One of the reasons the stakes of educational politics or critical academic work seem so low is that they are invisible from the bottom and unspoken in public and professional discourse. One of the reasons that they are so fragile is that the power of the university, as a commons with potentially formidable intellectual and political strength, is invisible from the top. And one of the reasons people are afraid is probably that they can sense the weight of the enormous systems of economic and political power which mobilise, but are obscured by, the cultural practices of management, space and institutional order that constitute the conditions of everyday life, and which frame the context in which we all teach and learn. I don’t think we fear individual reprisal. I think we fear the machine, and more so fear the unknown consequences of throwing sand into its cogs where no one has tried to sabotage it before.

The upshot of this is that if we are to shape universities to be places in which we can actually teach and study and learn and be – and where we and our students and others who find their way in are excited to be doing so – we need to educate ourselves about the politics of higher education, advanced research, labour, intellectual culture, space and time. And we need to do this in a context in which thinking and speaking about the politics of any of these things is regarded as either a waste of time or a threat to economic productivity and institutional ‘reputation’, as it has become defined in neoliberal terms. And we need to do this in an environment where perhaps many academics, by dint of profession or proclivity, have either no experience of political participation or activism, or no interest in social and economic politics at all. And we need to do all of this in an environment where many academics and some students are exhausted and insecure and are therefore in need of considerable self and collective care. It is at least a fourfold project. This should not be daunting; life is complex. Knowing this is important as it enables us to take steps in particular directions, and we can only begin walking from where we are.
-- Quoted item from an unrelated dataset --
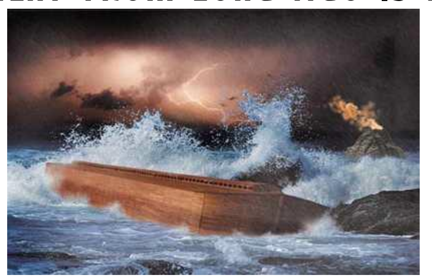
The Ancient World Flooded (But saved 7 people)

It is also useful, however, to understand the even bigger picture in which it becomes clear that the spaces of the university are among multitudes of similar spaces which articulate differently but are subject to the same forces of power and over-determination. I would encourage people to look at a recent excerpt from David Graeber’s new book, The Democracy Project, outlining ‘a practical utopian’s guide to the coming collapse’ (and thanks to Gordon Asher for pointing it out). Graeber does a brilliant job of – or at least makes a provocative stab at – explaining why people are stuck and afraid in institutions everywhere. He suggests that the cause lies somewhere in the contradiction between the fact that the neoliberal economic project has essentially failed, and failed to prove that human life can be effectively reconstituted as if it was a free market, and the fact that the neoliberal political project has thus far succeeded in convincing people either that it is successful or that there is no alternative to it. In other words, people can sense increasing repression and contraction because it has become increasingly important for us to believe irrationally in the legitimacy and desirability of a dead project which can only be kept alive by our faith, our labour, our self-discipline and our self-censorship. It is both a dead project and one that continues to feed and consolidate the power of the elites not only by exploiting but – in the case of ‘austerity’ – scavenging on and savaging the lives of the most already exploited, insecure and wounded people in society. The fear that nothing else is possible is not just a hat trick; it is a material condition of the maintenance of the system itself and secured through what Graeber calls ‘the imposition of an apparatus of hopelessness’. The climate of fear in universities is just one example – and indeed a reserved one – of how this shakes out in practice.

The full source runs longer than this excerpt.